Assignment → Each line of the data below goes into the copy exactly; pictures do not.

[Start of section]

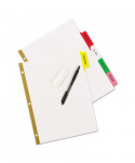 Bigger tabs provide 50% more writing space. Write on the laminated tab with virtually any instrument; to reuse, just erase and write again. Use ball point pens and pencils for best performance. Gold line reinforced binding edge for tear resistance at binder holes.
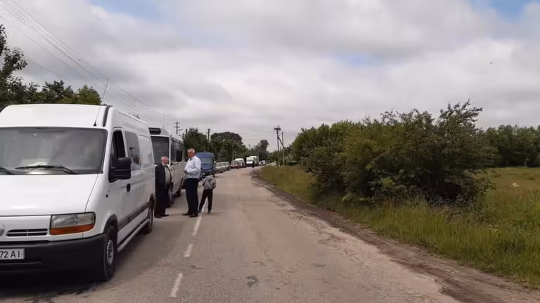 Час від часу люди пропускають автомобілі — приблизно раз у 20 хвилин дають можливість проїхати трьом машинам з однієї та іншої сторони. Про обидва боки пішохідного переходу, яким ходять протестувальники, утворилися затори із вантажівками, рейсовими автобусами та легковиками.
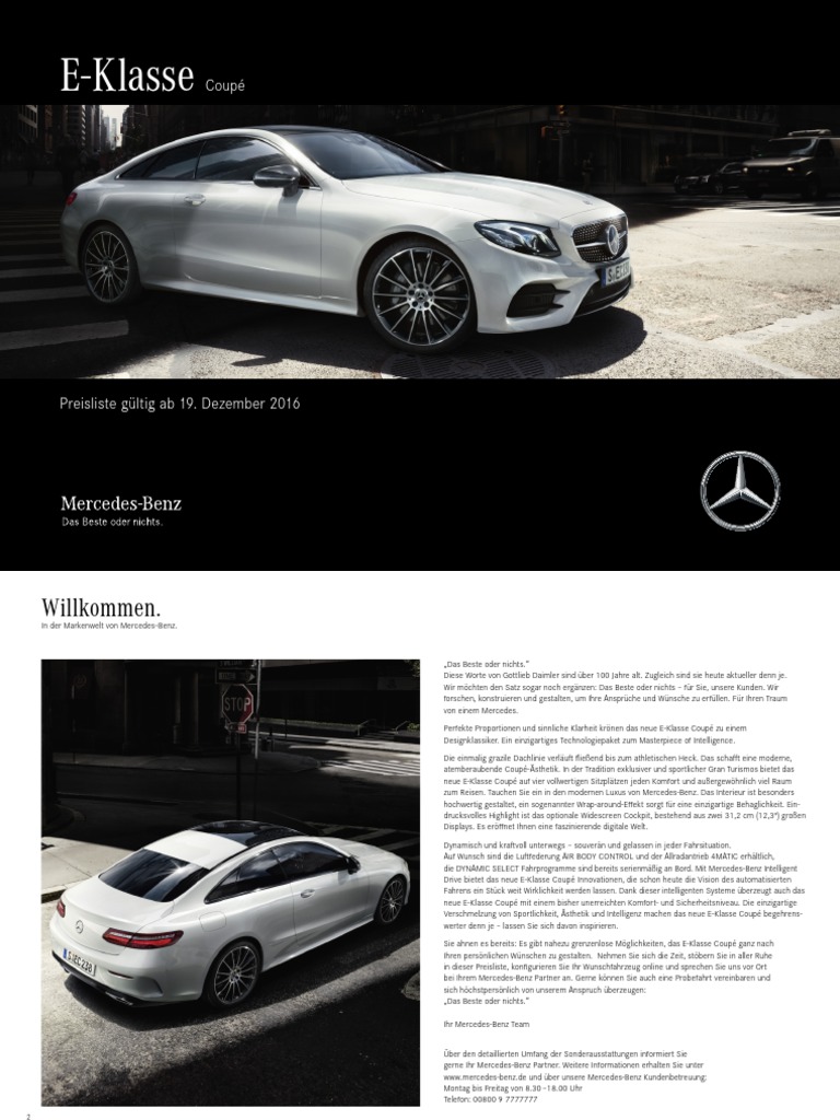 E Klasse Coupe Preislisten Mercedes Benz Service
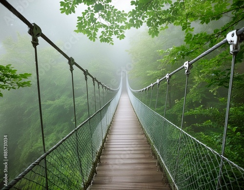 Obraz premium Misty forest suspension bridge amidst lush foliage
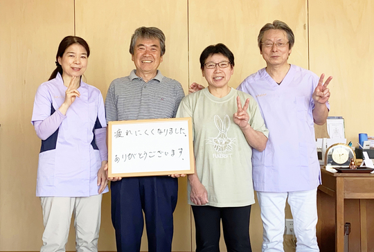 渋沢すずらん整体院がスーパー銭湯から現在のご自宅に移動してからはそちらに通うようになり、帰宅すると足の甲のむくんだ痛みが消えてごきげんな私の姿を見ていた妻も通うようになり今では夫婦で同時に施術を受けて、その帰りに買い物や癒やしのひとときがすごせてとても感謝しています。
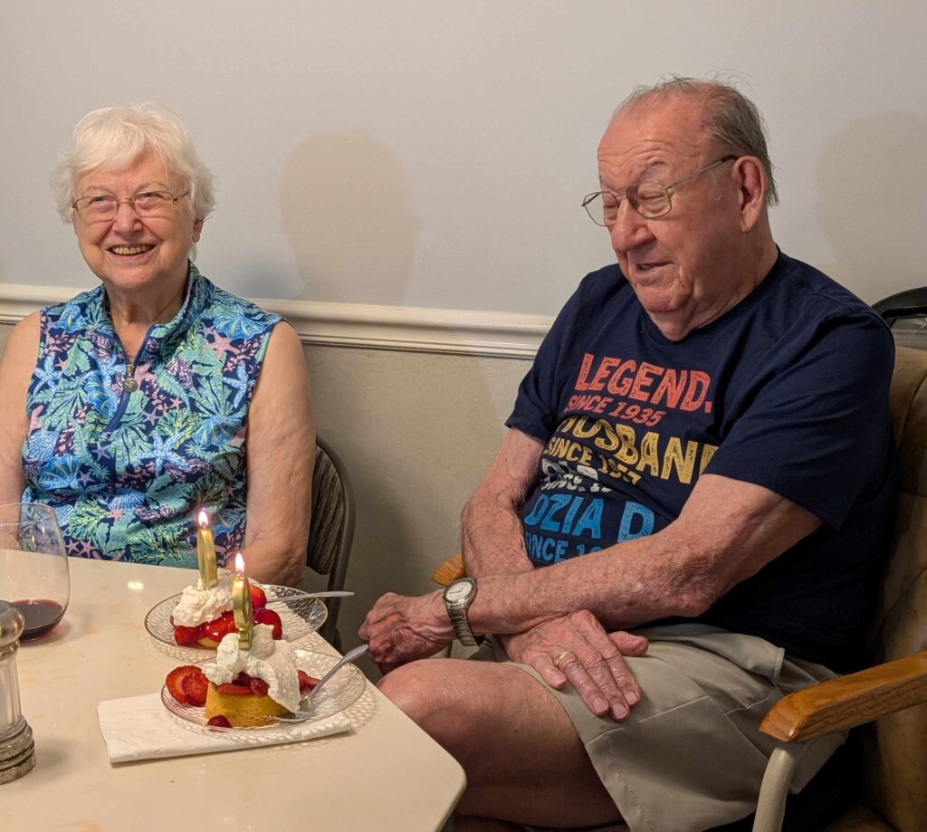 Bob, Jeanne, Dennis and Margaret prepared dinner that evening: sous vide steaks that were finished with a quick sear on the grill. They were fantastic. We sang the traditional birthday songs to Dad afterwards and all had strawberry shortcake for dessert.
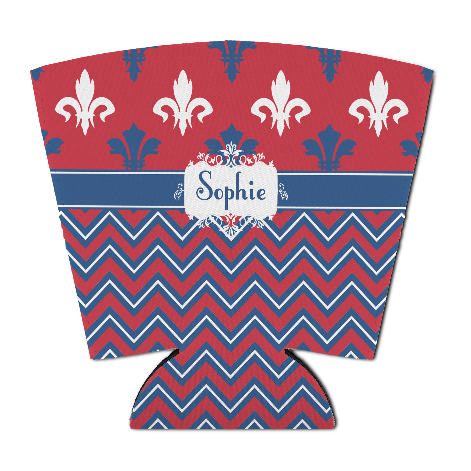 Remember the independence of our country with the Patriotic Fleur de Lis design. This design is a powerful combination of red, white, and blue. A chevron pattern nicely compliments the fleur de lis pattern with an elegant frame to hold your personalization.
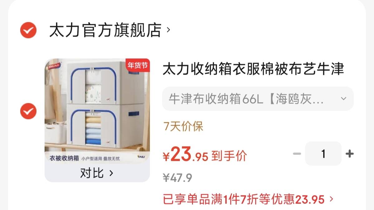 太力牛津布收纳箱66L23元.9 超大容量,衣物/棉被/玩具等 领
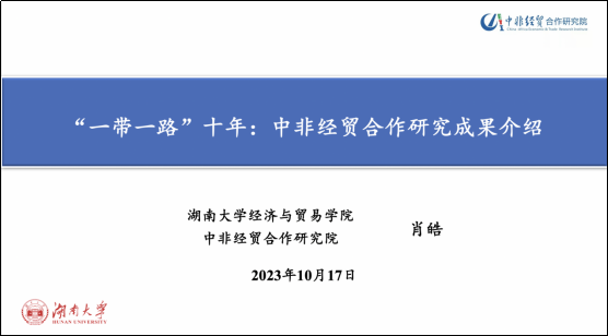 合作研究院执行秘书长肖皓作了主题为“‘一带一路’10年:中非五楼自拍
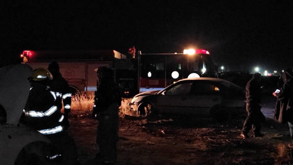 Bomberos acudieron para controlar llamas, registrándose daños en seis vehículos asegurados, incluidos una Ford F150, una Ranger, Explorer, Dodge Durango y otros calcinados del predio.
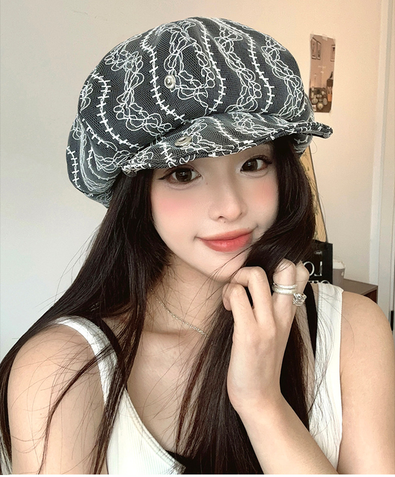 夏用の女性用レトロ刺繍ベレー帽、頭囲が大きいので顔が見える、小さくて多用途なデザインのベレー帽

[End of section]

Solution →
 Bigger tabs provide 50% more writing space. Write on the laminated tab with virtually any instrument; to reuse, just erase and write again. Use ball point pens and pencils for best performance. Gold line reinforced binding edge for tear resistance at binder holes.
 Час від часу люди пропускають автомобілі — приблизно раз у 20 хвилин дають можливість проїхати трьом машинам з однієї та іншої сторони. Про обидва боки пішохідного переходу, яким ходять протестувальники, утворилися затори із вантажівками, рейсовими автобусами та легковиками.
 E Klasse Coupe Preislisten Mercedes Benz Service
 Obraz premium Misty forest suspension bridge amidst lush foliage
 渋沢すずらん整体院がスーパー銭湯から現在のご自宅に移動してからはそちらに通うようになり、帰宅すると足の甲のむくんだ痛みが消えてごきげんな私の姿を見ていた妻も通うようになり今では夫婦で同時に施術を受けて、その帰りに買い物や癒やしのひとときがすごせてとても感謝しています。
 Bob, Jeanne, Dennis and Margaret prepared dinner that evening: sous vide steaks that were finished with a quick sear on the grill. They were fantastic. We sang the traditional birthday songs to Dad afterwards and all had strawberry shortcake for dessert.
 Remember the independence of our country with the Patriotic Fleur de Lis design. This design is a powerful combination of red, white, and blue. A chevron pattern nicely compliments the fleur de lis pattern with an elegant frame to hold your personalization.
 太力牛津布收纳箱66L23元.9 超大容量,衣物/棉被/玩具等 领
 合作研究院执行秘书长肖皓作了主题为“‘一带一路’10年:中非五楼自拍
 Bomberos acudieron para controlar llamas, registrándose daños en seis vehículos asegurados, incluidos una Ford F150, una Ranger, Explorer, Dodge Durango y otros calcinados del predio.
 夏用の女性用レトロ刺繍ベレー帽、頭囲が大きいので顔が見える、小さくて多用途なデザインのベレー帽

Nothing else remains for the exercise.